More Must Be Done to Control Payday Loans
By Paul RizzoPayday Loan Writer
What does the editorial board of The Walla Walla Union-Bulletin think about payday loans? Here is a paraphrased answer:
What would you call it if a person gets a loan and then is charged an interest rate that averages 528 percent or that hits 2,551 percent?
Images of knee-breaking loan sharks pop to mind. But in Oregon it’s just another day at the office for payday loan and car-title lenders.
The Oregon Legislature understood these businesses were dooming many citizens to fall deeper into debt. These individuals were those who could least afford to shoulder additional financial burdens. So it passed a law to cap interest at 36 percent, beginning in July.
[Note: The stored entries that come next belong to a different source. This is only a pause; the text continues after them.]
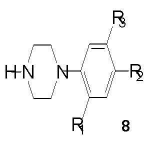 и взаимодействие соединения общей формулы 3 с фенилпиперазиновым производным 8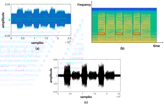 (a) Set of acquired raw signal data, (b) spectrogram of raw data, and (c) filtered data.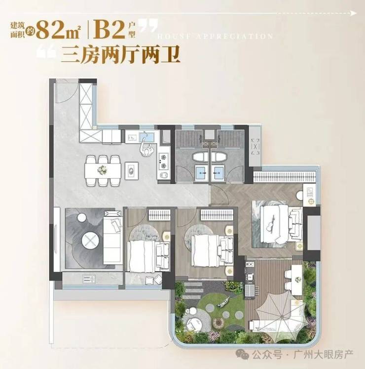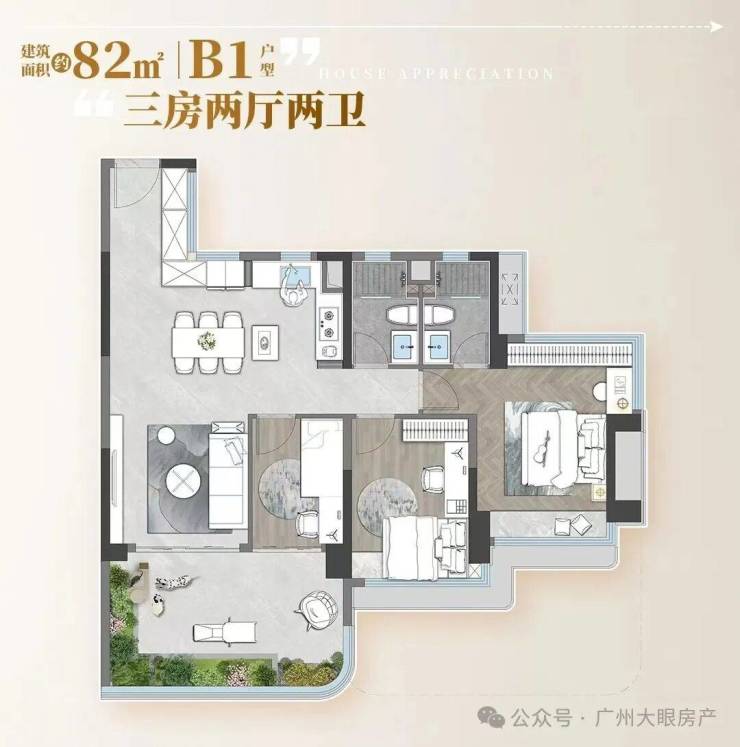 别人的85㎡做小三房一卫,招商的82㎡能做3+1房,未来在二手市场上也会更加有优势。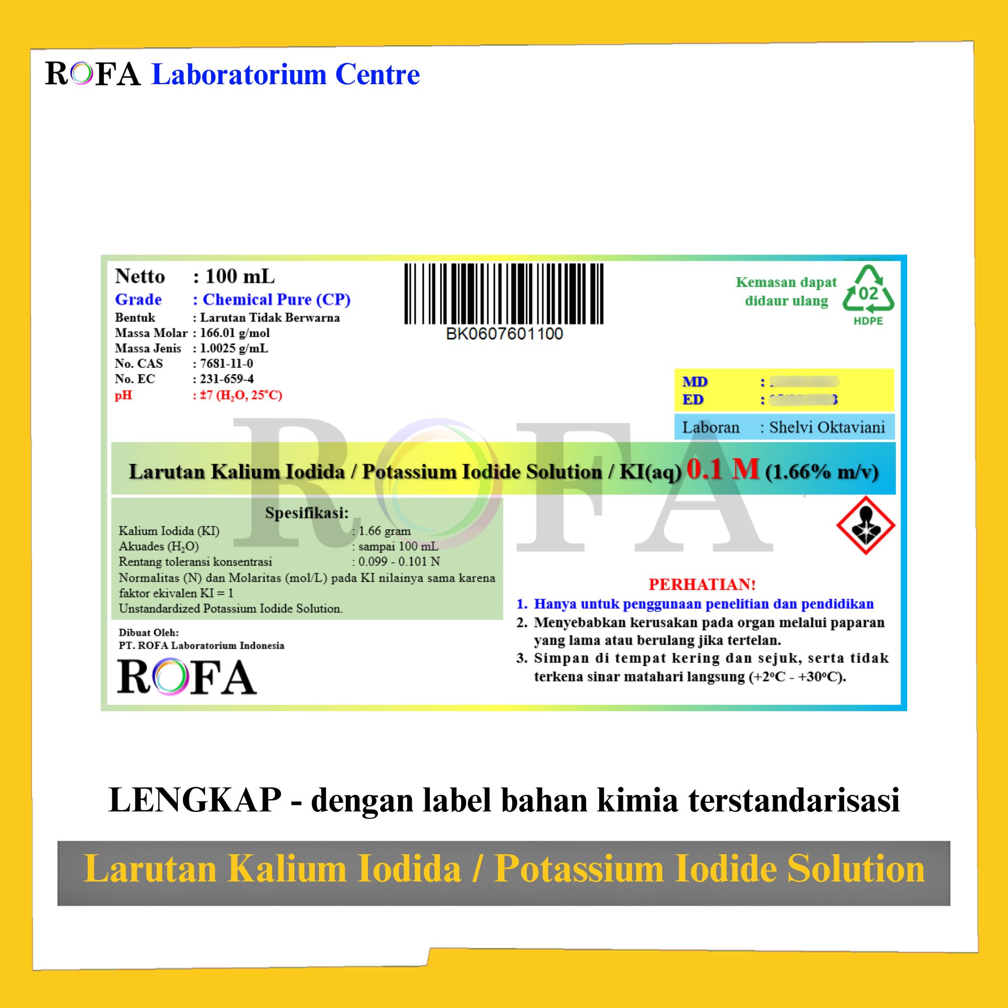 Nama Produk: ROFA Larutan Kalium Iodida / Potassium Iodide Solution / KI Cairan 0.1 M – 50% 25 mL – 100 mL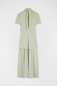 Short-sleeved viscose crepe dress with foulard collar to tie at the back Details - relaxed fit and calf-length - single button closure at back of neck - double-layer effect - foulard collar with back tie - fluid viscose crepe - 82% viscose-rayon 18% polyamide-nylon - made in Italy - StyleID: J04CT0111J65016110 Care - dry clean only - iron with care Fit - model is 177cm/5'9" and is wearing a size 34 DE - Please note that the physical label of the item will show the German size
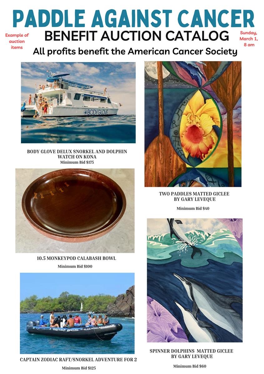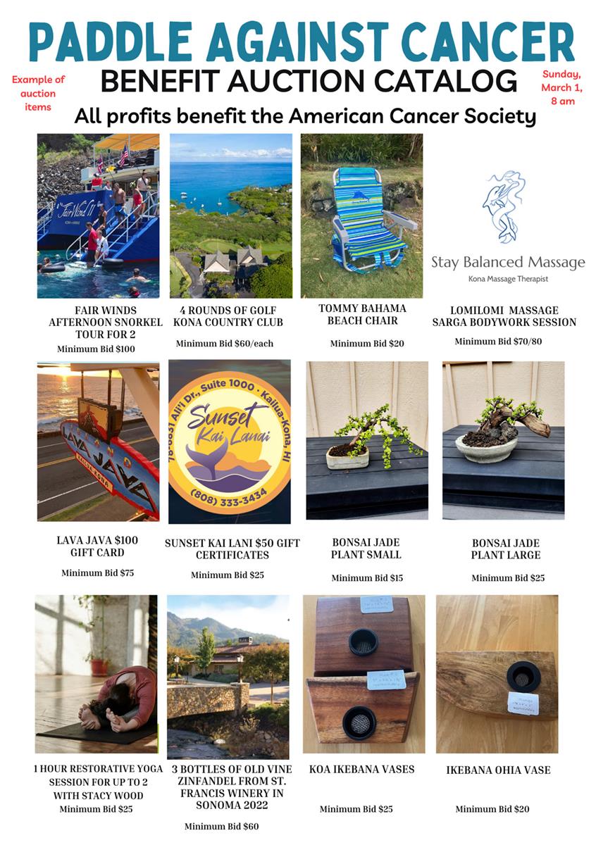 On March 1, 2026, Keauhou Canoe Club is proud to present our 3rd Annual Paddle Against Cancer. This members only benefit event started with a ceremony for those fighting cancer, in remission, and for those who support the fight. The event allows us to recognize and give tribute to those who are/have faced cancer and includes a fun paddle, tasty breakfast and silent auction to benefit the American Cancer Society.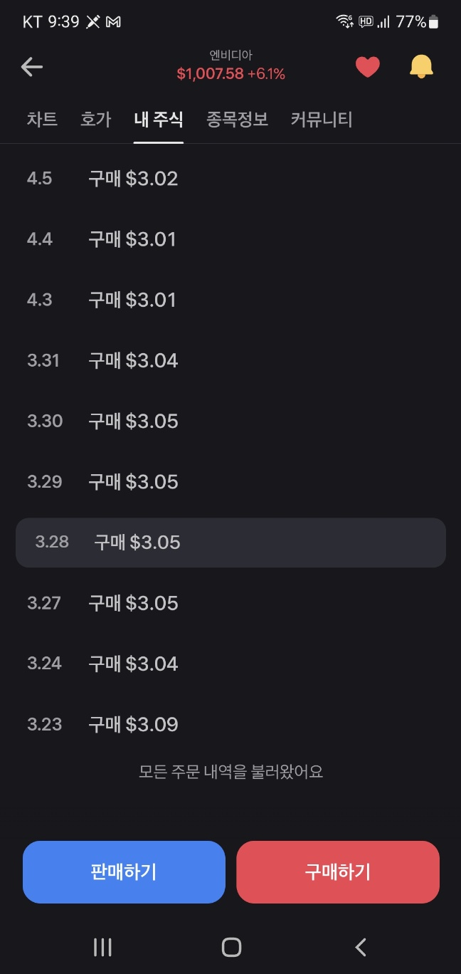 비록 얼마안되는 것이지만, 토스 계좌에 작년 3월부터 $3 달러씩 구매해서 1.6주하던 엔비디아를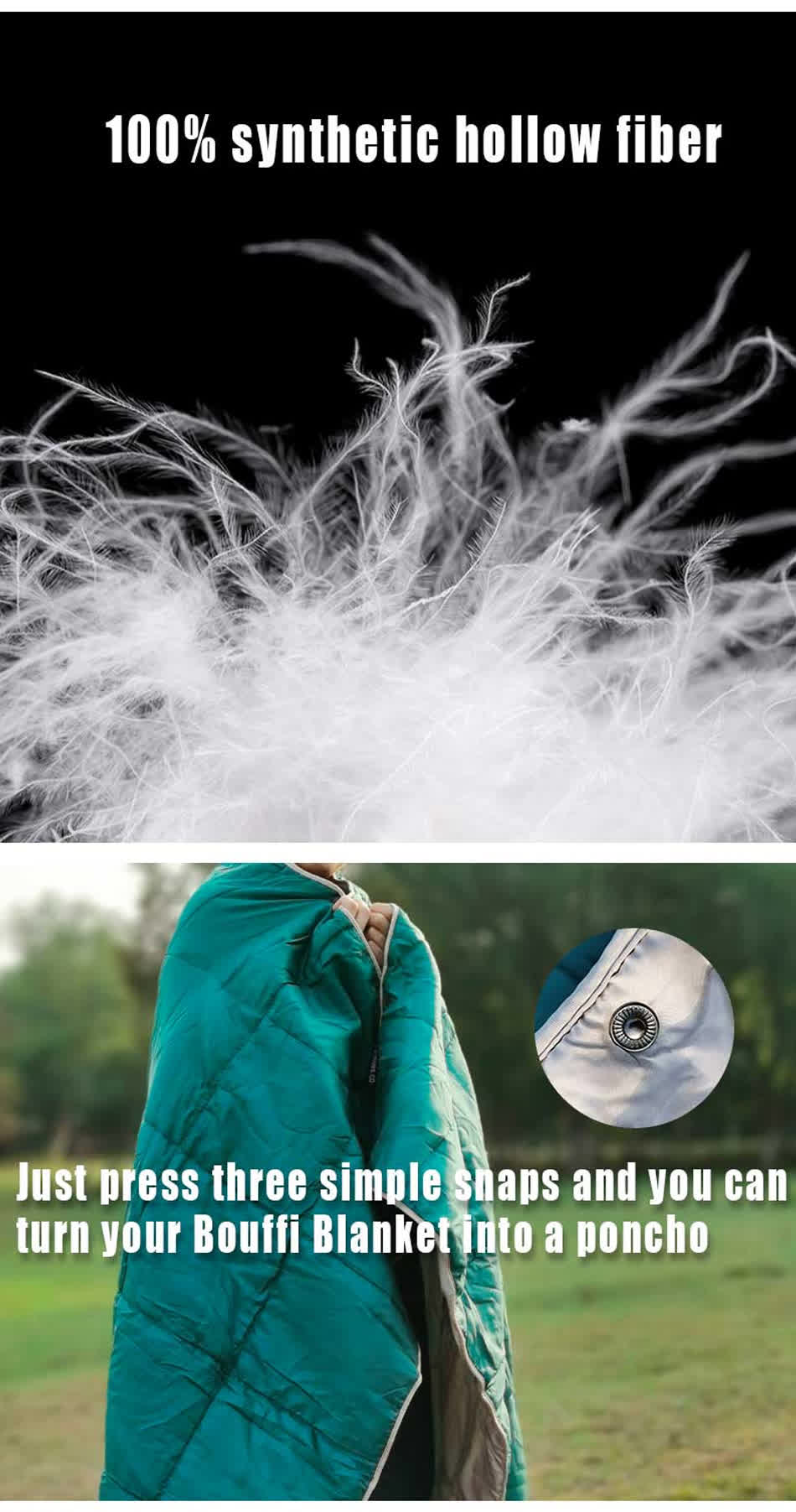 Product: Durable, foldable, and waterproof camping blanket made from nylon with down insulation. Wearable design ensures warmth and versatility outdoors.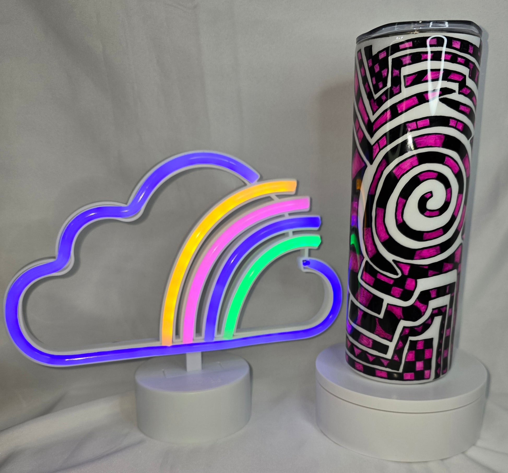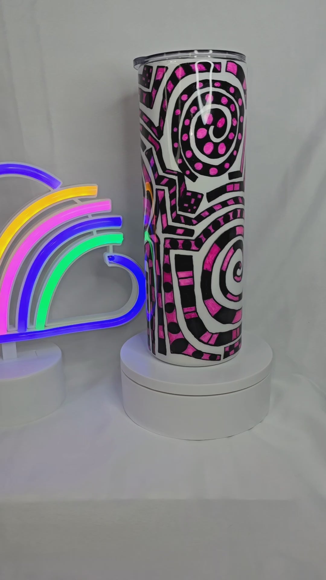 "Take a sip in style with our 20 oz stainless steel pink and black tangle art tumbler! (Not for dishwashing, sorry.) Stay trendy while keeping your drink at the perfect temperature. Perfect for any occasion, this stylish tumbler will become your daily go-to (and make all your friends jealous!) Cheers to that!"
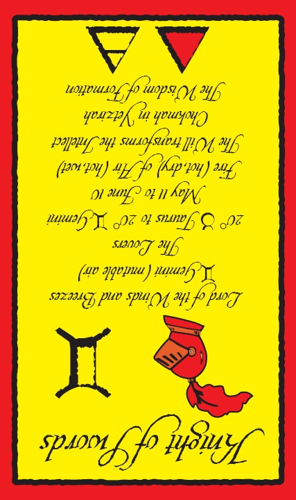 The Knight of Swords lacks the naivety of the Knight of Wands, he has analyzed the terrain ahead and weighed his options there. He knows what his own nature can throw into the mix, but does not let himself be held idle by that. The activities ahead will likely include the solving of conflicts and problems on your road to your ideal.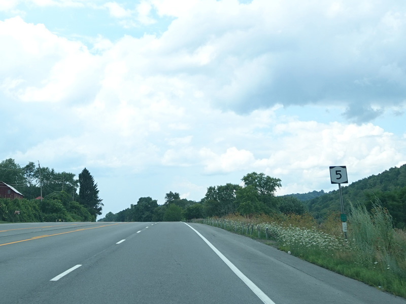 Approaching the county line, NY 5 becomes a divided highway again, with the westbound lanes elevated relative to the eastbound lanes.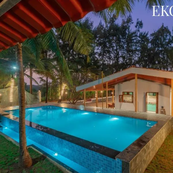 Với hồ bơi ngoài trời, khu vườn, cùng sân hiên, SaffronStays Ekaant- 3BR pet-friendly pool villa with lawn, games & river walk in gated community near Mumbai cung cấp chỗ nghỉ ở Pālghar có Wi-Fi miễn...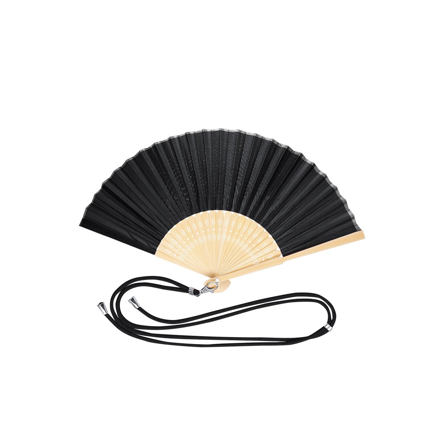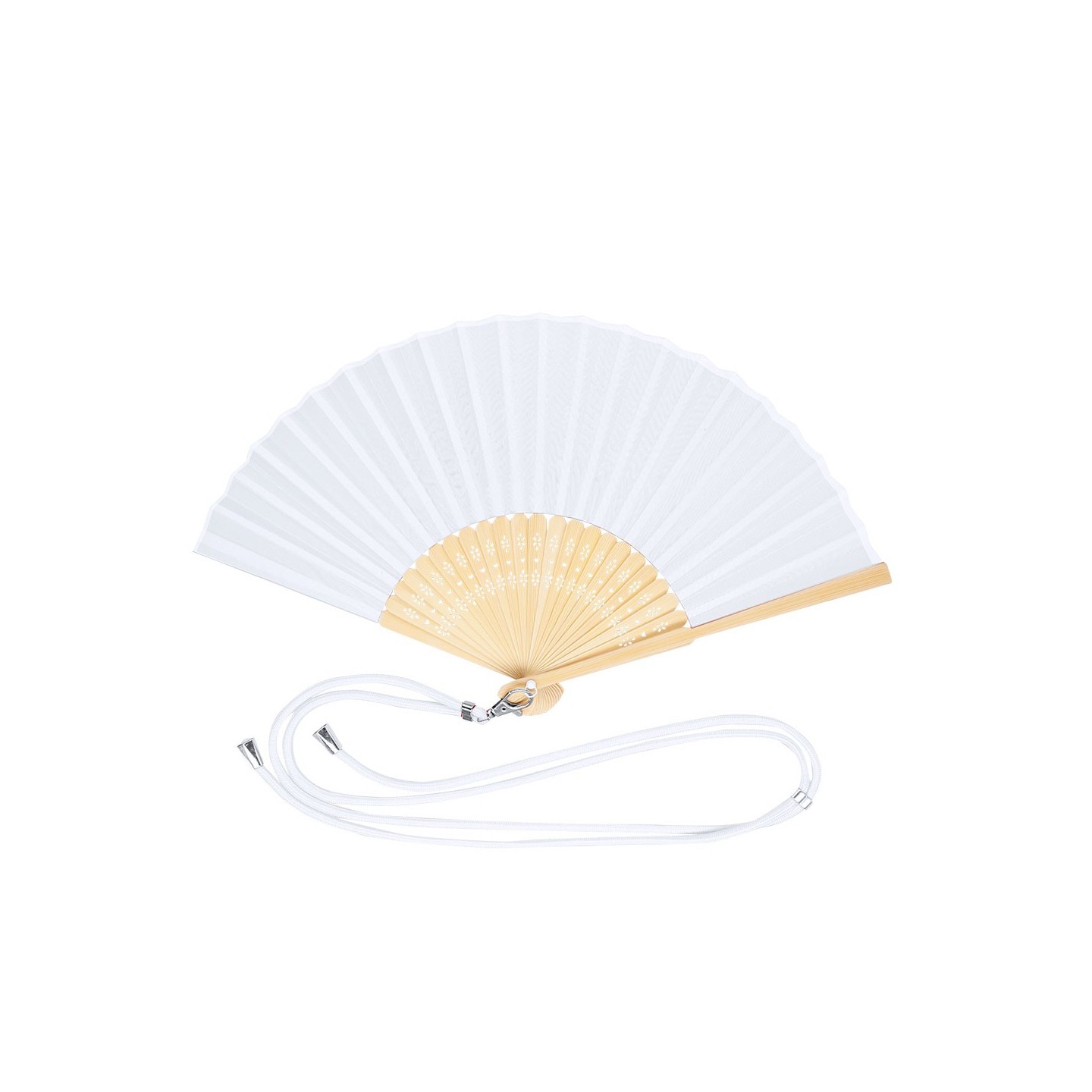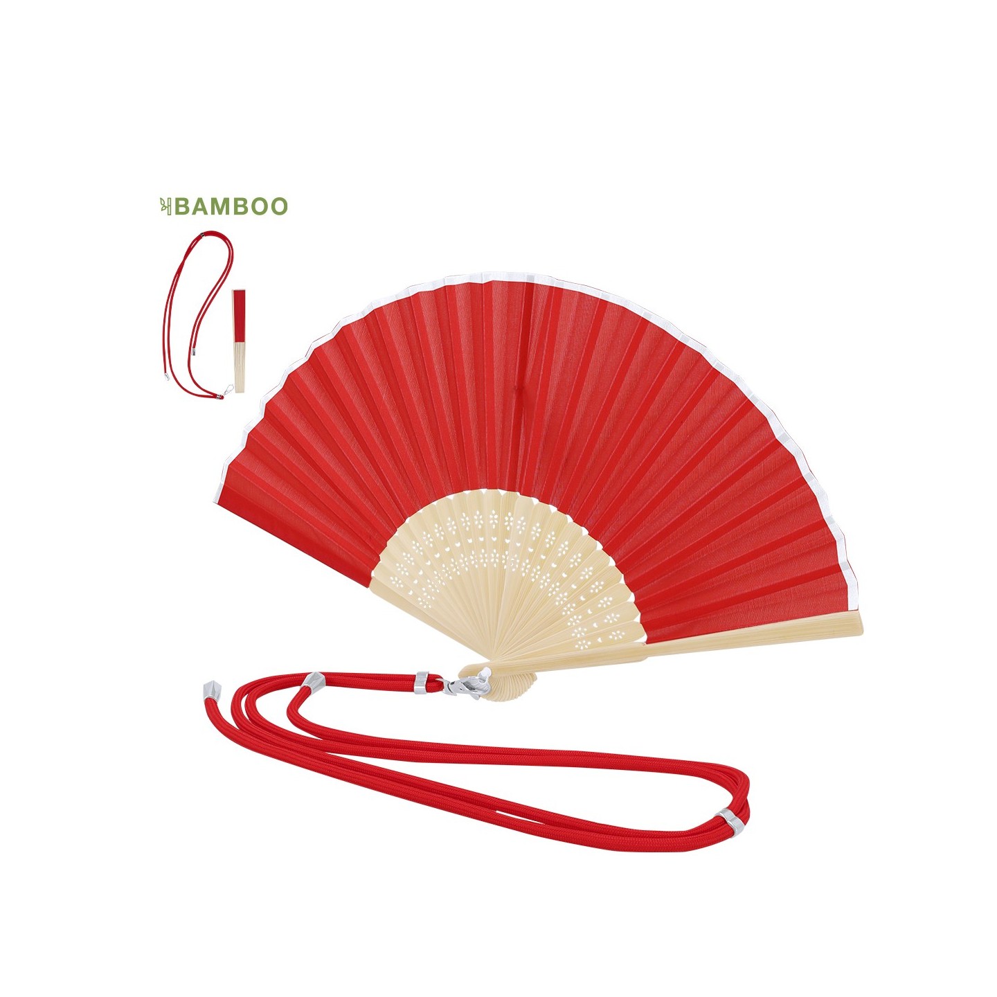 Abanico YANEX, hecho de poliéster 190T y bambú flexible, con cordón ajustable y mosquetón para fácil transporte. Ecológico, ligero (40 gr) y personalizable con tu logotipo.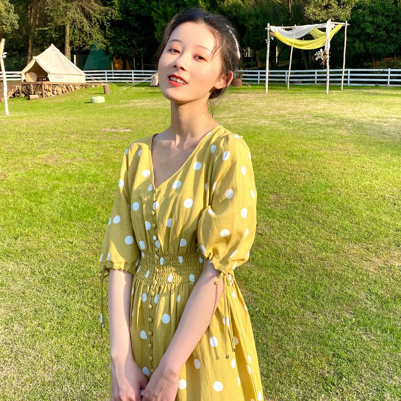唐狮夏轻熟风女装连衣裙韩版收腰显瘦法式茶歇甜美超乖裙子气质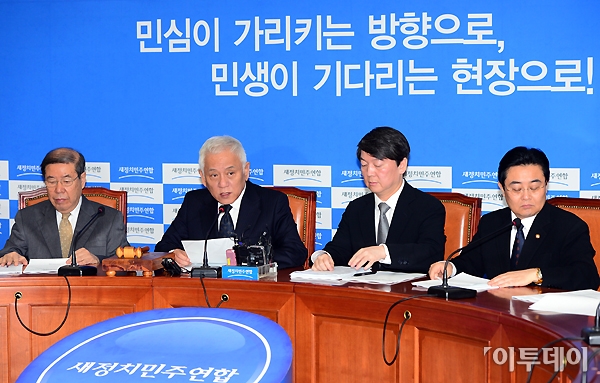 김한길 새정치민주연합 공동대표가 21일 오전 여의도 국회 당대표실에서 열린 최고위원 및 여객선 침몰사고 대책위원장단 연석회의에 참석해 모두발언을 하고 있다. 노진환 기자 myfixer@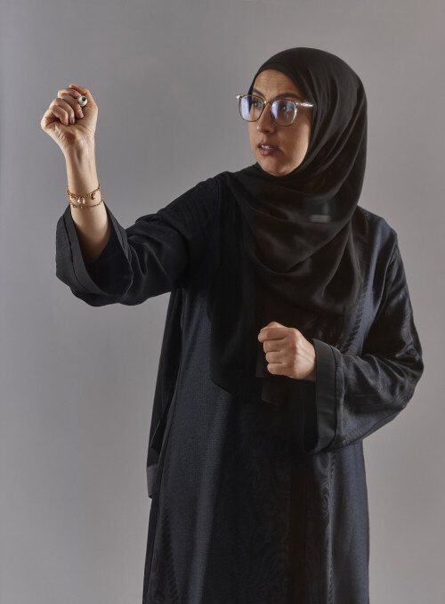 امرأة ترتدي عباءة سوداء وحجاب ونظارة وتمسك بقلم للكتابة على لوح شفاف مع ردود فعل وتعبيرات مختلفة على خلفية رمادية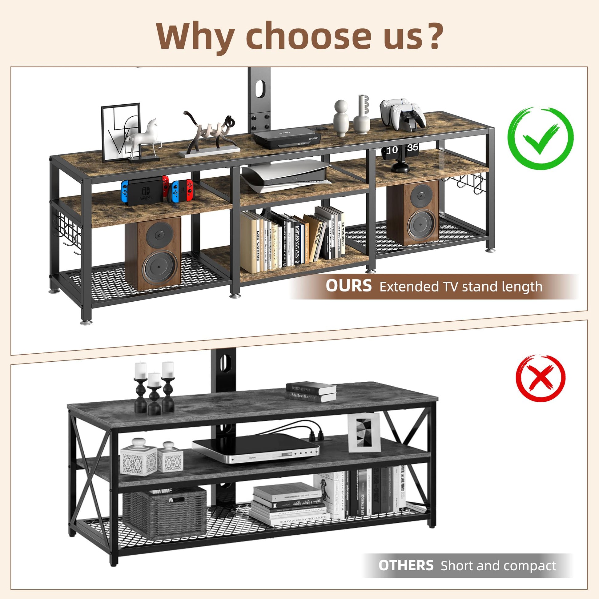 - 【Charming Rustic Style with Modern Elegance】Featuring a rustic brown finish paired with matte black steel bars, this TV stand combines industrial, vintage, and farmhouse aesthetics. Its stylish yet practical design complements various home decors, from modern to traditional, adding a touch of elegance and warmth to any living space.

Thirty-six percent is still high, but it was a first step. However, the cap won’t apply to car-title lenders, who make short-term cash loans using car titles rather than future paychecks as collateral.
And, according to The Associated Press, a fourth of payday lenders have applied for conventional consumer licenses, which allows them to restructure payday loans into small installment loans and continue to charge the high interest rates.
“We think consumers should be allowed to make decisions about what loans are right for them, and the market should set the rate,” Luanne Stoltz, a quick payday advance lender and vice president of the Consumer Financial Services Association, told the AP.
Generally speaking, competition can regulate the marketplace. But when people are being gouged, the government has an obligation and a responsibility to step in.
Oregon is on the right path when it comes to online payday loans. It needs to keep moving to deal with this insidious practice.